L’évolution des bitcoins physiques
TechFlow SélectionTechFlow Sélection

L’évolution des bitcoins physiques
Plus de dix ans d’exploration concrète, témoignant de l’évolution technologique des supports du bitcoin.
Auteur : Juan Galt
Traduction : Saoirse, Foresight News
La nature numérique du bitcoin constitue l’un de ses principaux atouts. Grâce à sa programmabilité, le bitcoin permet une auto-custodie : il devient ainsi nettement plus difficile de le voler ou de le saisir. Par ailleurs, son caractère numérique lui permet de circuler à très grande vitesse, rendant possible le transfert et le règlement de valeur à l’échelle mondiale en quelques minutes seulement.
Toutefois, cette immatérialité suscite également de vives controverses.
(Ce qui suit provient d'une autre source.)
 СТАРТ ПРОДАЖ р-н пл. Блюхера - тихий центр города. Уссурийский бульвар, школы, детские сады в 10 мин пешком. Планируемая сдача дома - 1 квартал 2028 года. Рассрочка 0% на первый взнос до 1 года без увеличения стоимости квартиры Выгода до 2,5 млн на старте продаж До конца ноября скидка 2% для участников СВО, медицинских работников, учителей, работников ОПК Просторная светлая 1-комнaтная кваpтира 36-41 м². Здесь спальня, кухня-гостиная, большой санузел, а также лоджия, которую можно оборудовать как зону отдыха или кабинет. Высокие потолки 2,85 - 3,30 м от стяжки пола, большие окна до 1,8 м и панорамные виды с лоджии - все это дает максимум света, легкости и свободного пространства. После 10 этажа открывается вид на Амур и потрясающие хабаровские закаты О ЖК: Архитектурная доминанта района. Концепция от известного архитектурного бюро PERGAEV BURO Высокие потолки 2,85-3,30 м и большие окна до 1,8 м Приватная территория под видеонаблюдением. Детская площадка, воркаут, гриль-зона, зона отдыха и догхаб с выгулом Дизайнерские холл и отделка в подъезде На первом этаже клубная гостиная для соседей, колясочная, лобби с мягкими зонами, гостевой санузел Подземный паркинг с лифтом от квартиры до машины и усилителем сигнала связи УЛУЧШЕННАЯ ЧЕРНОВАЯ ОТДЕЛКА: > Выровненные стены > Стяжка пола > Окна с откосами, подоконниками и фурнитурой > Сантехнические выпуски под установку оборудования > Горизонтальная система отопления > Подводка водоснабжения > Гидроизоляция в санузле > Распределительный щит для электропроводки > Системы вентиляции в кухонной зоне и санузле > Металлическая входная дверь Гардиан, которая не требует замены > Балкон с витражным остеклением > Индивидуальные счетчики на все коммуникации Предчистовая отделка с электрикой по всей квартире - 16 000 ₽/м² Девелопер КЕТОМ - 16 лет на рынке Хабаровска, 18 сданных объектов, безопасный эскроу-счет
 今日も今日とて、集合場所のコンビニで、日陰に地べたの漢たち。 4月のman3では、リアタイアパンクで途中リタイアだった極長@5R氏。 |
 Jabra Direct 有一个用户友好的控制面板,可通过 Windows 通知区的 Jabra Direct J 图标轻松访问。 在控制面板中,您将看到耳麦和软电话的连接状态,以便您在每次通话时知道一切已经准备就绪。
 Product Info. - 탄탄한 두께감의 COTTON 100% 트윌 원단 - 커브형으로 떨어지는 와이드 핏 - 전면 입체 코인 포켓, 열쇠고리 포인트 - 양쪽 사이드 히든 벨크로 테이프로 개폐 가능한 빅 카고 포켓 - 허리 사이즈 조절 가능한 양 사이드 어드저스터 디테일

Dans son état natif, le bitcoin ne peut être ni touché ni tenu dans la main ; les utilisateurs ne peuvent que l’imaginer et le comprendre intellectuellement, ce qui constitue un frein majeur à son adoption généralisée. Depuis plus de dix ans, entrepreneurs et créateurs s’efforcent de matérialiser le bitcoin tout en préservant ses caractéristiques essentielles, notamment celles qui le rapprochent de l’argent liquide. Bien qu’aucun acteur n’ait encore résolu l’intégralité des défis techniques et pratiques, ces tentatives ont déjà produit des résultats tangibles et donné naissance à de nombreux produits physiques emblématiques.
Les pièces Casascius
Crédit image : Stacks Bowers Galleries
Les pièces Casascius ont été frappées pour la première fois le 6 septembre 2011, alors que le prix du bitcoin ne dépassait pas 8 dollars américains. Elles constituent sans conteste la pièce physique de bitcoin la plus emblématique de l’histoire, et ont depuis fait l’objet de nombreuses contrefaçons. Ce nom provient du pseudonyme utilisé par Mike Caldwell sur le forum Bitcointalk. De nombreuses orientations conceptuelles établies avec ce projet sont devenues des références incontournables pour les produits physiques ultérieurs basés sur le bitcoin.
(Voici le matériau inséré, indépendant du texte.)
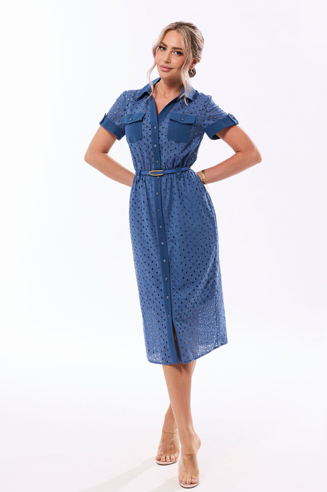 Платье, с отложным воротником, V-образным вырезом горловины, центральной застежкой на петли и пуговицы. По переду с накладными карманами и клапанами, расположенными на уровне груди. Платье отрезное по линии талии. Шов по талии присборен на резинку. По талиевому шву паты для сьемного пояса. По полочкам- отрезная планка. Рукав короткий, втачной, с отложной манжетой, зафиксированной к рукаву патой с петлей и пуговицей. Платье со съемным поясом.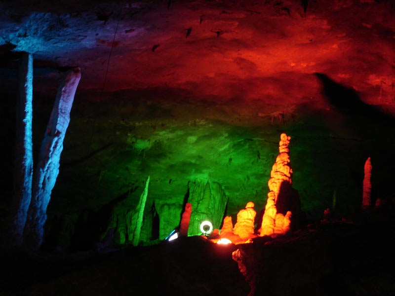 第三絕:九天洞美 九天洞美,美在自然,美在古樸,美在地下溶洞各種自然造型,美在各種色彩,美在世界珍稀。簡(jiǎn)言之,九天洞勝狀,主要是洞穴美與色彩美,一句話,是自然美。當(dāng)探洞人王海然第一個(gè)在九天洞發(fā)現(xiàn)那些五光十色,造型各異,神奇乖巧的溶洞自然物時(shí),他感到興奮,感到驚訝,感到鼓舞,感到自豪并且被這些美麗的自然物陶醉了,以至于廢寢忘食。當(dāng)你置身九天洞,你可以仔細(xì)欣賞那洞底暗河的流水,那紅色的河床、它們是那樣嘩嘩的流,水聲又是那樣的美。那淡紅、朱紅和鮮紅的河床、河水,有是那樣鋪彩爍金,色彩斑斕,五光十色,真叫人眼花繚亂,目不暇接,越看越神,越看越迷,看的如癡如醉。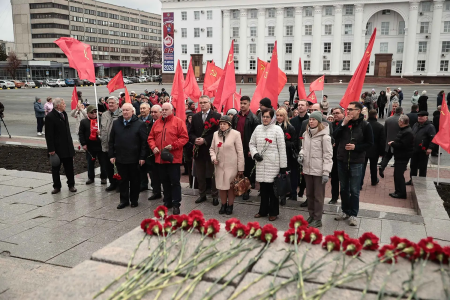 Участники церемонии возложили цветы к подножию памятника Владимиру Ильичу на Соборной площади. Знаковый монумент был открыт 22 апреля 1940 года, автором является выдающийся советский скульптор Матвей Манизер.
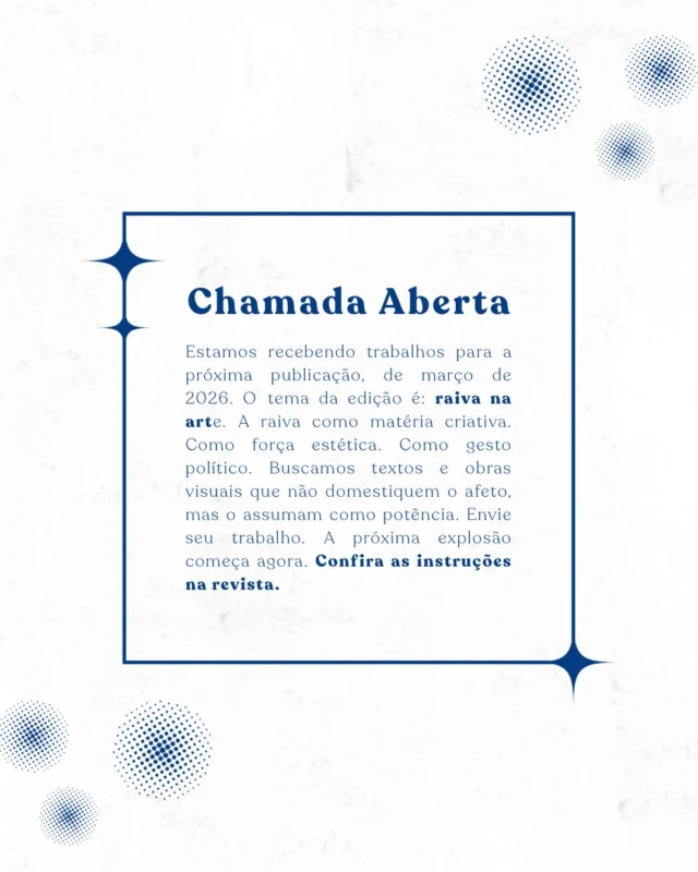 "A SUPERNOVA nasce sabendo que nenhuma explosão acontece sozinha. Se esta primeira edição se dedica a investigar o rompimento, a próxima será atravessada por aquilo que se move depois, quando a poeira ainda não baixou e a forma ainda não se estabilizou. Por isso, abrimos chamada para a edição de março de 2026 da revista. Buscamos artes que dialoguem com o tema da próxima edição, em diferentes formas de escrita. A SUPERNOVA é um espaço de curadoria e escuta. Nesta etapa, a revista não trabalha com cachê, mas oferece edição cuidadosa, publicação digital e circulação institucional junto à Andrômeda Editora." (Andrômeda Editora)

L’un des principaux défis liés à la matérialisation du bitcoin réside dans la gestion sécurisée des clés privées. En tant qu’actif numérique natif, le bitcoin repose sur des paires de clés cryptographiques (publique/privée) : la clé privée, élément confidentiel, permet de générer la clé publique correspondante via des algorithmes cryptographiques spécifiques au bitcoin. Mike Caldwell générait ses clés privées sur des appareils hors ligne, les imprimait puis les collait sur des pièces en métaux précieux, avant très probablement de supprimer toute copie sauvegardée sur ordinateur. Il détaillait par ailleurs, sur son site personnel, l’ensemble des mesures de sécurité mises en œuvre, afin que les acheteurs potentiels puissent les consulter librement.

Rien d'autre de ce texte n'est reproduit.